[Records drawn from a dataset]
*** Block opens ***

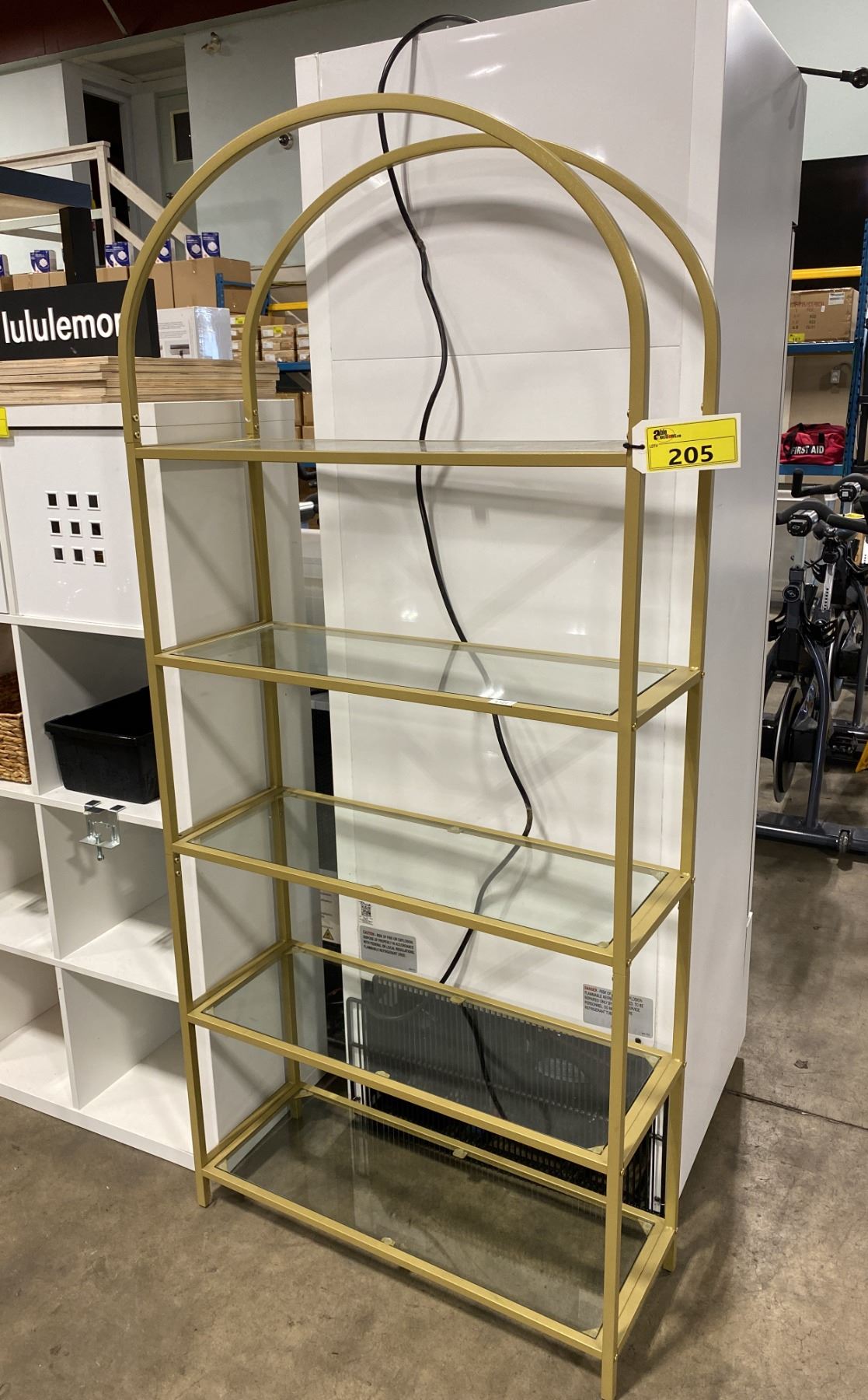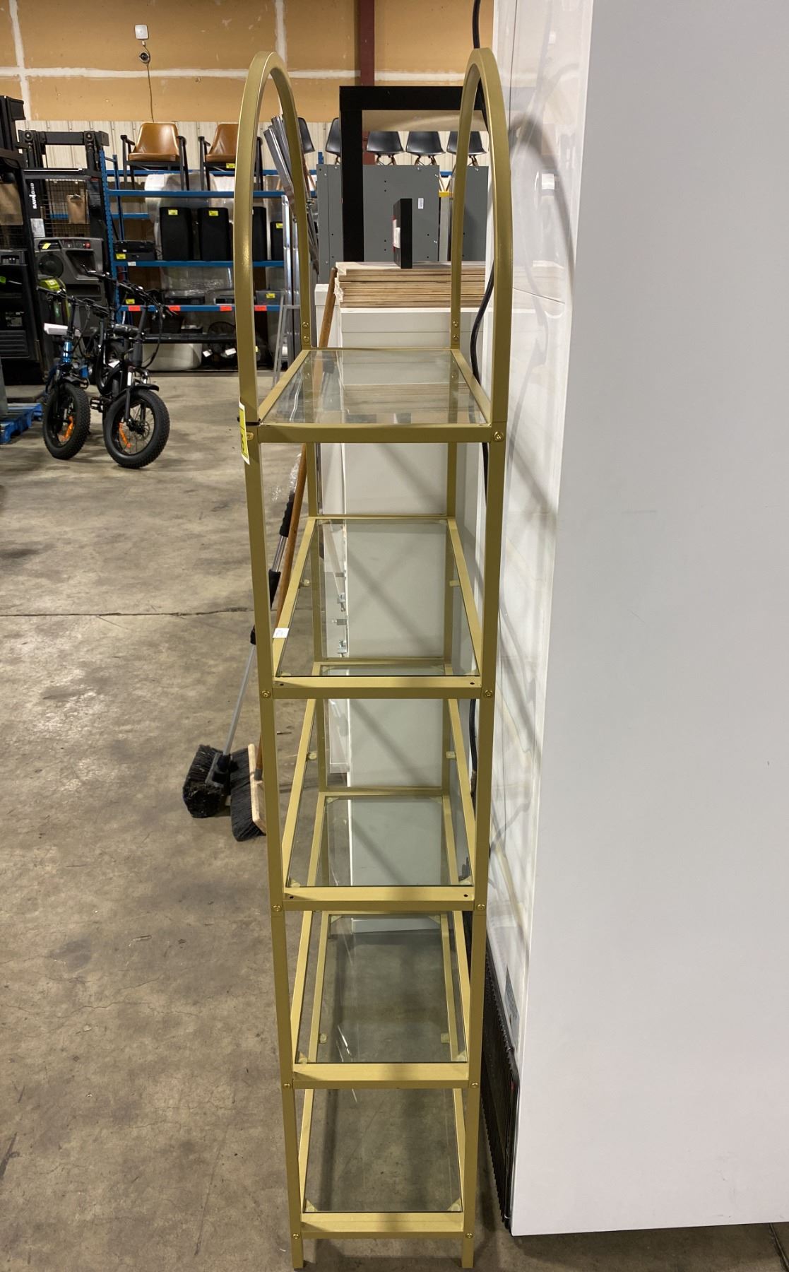 5 TIER GOLD/GLASS DISPLAY SHELVING UNIT 33"W X 12"D X 72"
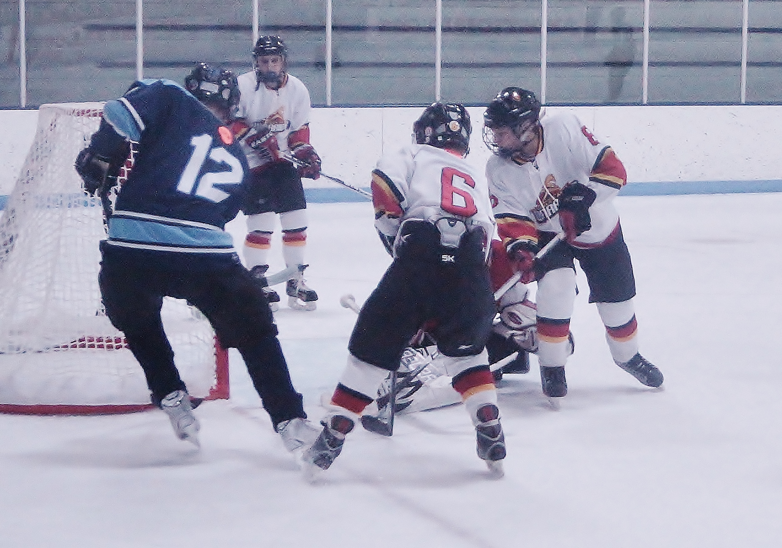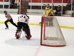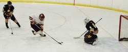 Jacob Begley playing goalie for the Mahtomedi peewee A team stops this Denfeld breakaway in the 2012 Anoka Tourney. The Zephyrs beat the Hunters 4-2.
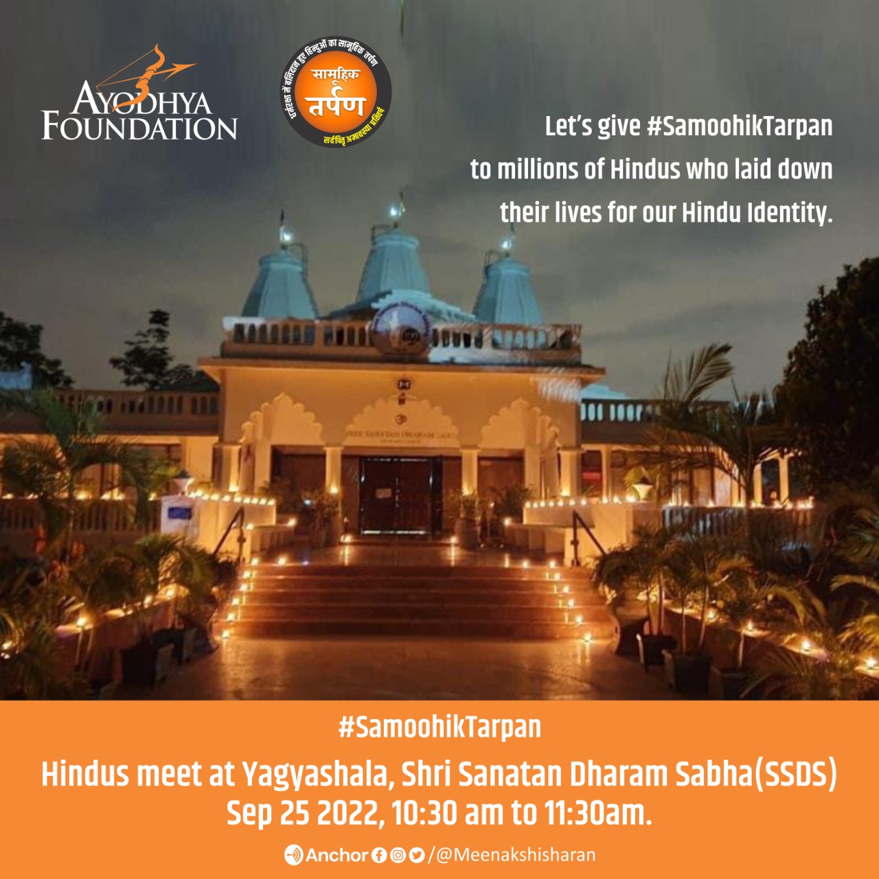 Sarva Pitra Amavasya was marked by Ayodhya Foundation at Shree Sanatan Dharam Mandir, Nairobi on Sunday, 25th September before mid-morning. Nearly 50 men, women and a few youngsters collectively performed a Samuhik Shraadh Tarpan not only of their family ancestors but also for several thousands of Hindu ancestors who lost their lives in their efforts to protect Bharat Mata and their Hindu Dharma over the many centuries of invasions and attacks.
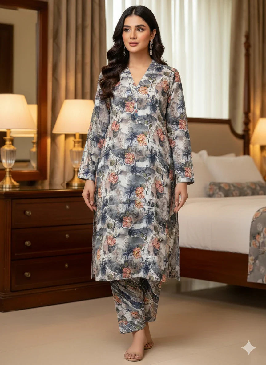 A stylish all-over printed lawn design. Lightweight, breathable fabric. Featuring fresh seasonal patterns and smooth finishing, this article is perfect for summer wear, offering comfort, durability, and an elegant everyday look.
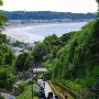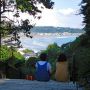 このあたりから後ろを振り返ると、遠くに由比ヶ浜が見えます。
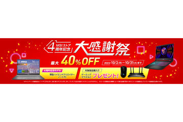 MSIストア4周年記念でゲーミングノートが20万円引き。記念モデルのノートも発売

*** Block closes ***

• **WORK ITEM**
Quote the records above in full, dropping each picture.

• **ANSWER FOR THE TASK**
 5 TIER GOLD/GLASS DISPLAY SHELVING UNIT 33"W X 12"D X 72"
 Jacob Begley playing goalie for the Mahtomedi peewee A team stops this Denfeld breakaway in the 2012 Anoka Tourney. The Zephyrs beat the Hunters 4-2.
 Sarva Pitra Amavasya was marked by Ayodhya Foundation at Shree Sanatan Dharam Mandir, Nairobi on Sunday, 25th September before mid-morning. Nearly 50 men, women and a few youngsters collectively performed a Samuhik Shraadh Tarpan not only of their family ancestors but also for several thousands of Hindu ancestors who lost their lives in their efforts to protect Bharat Mata and their Hindu Dharma over the many centuries of invasions and attacks.
 A stylish all-over printed lawn design. Lightweight, breathable fabric. Featuring fresh seasonal patterns and smooth finishing, this article is perfect for summer wear, offering comfort, durability, and an elegant everyday look.
 このあたりから後ろを振り返ると、遠くに由比ヶ浜が見えます。
 MSIストア4周年記念でゲーミングノートが20万円引き。記念モデルのノートも発売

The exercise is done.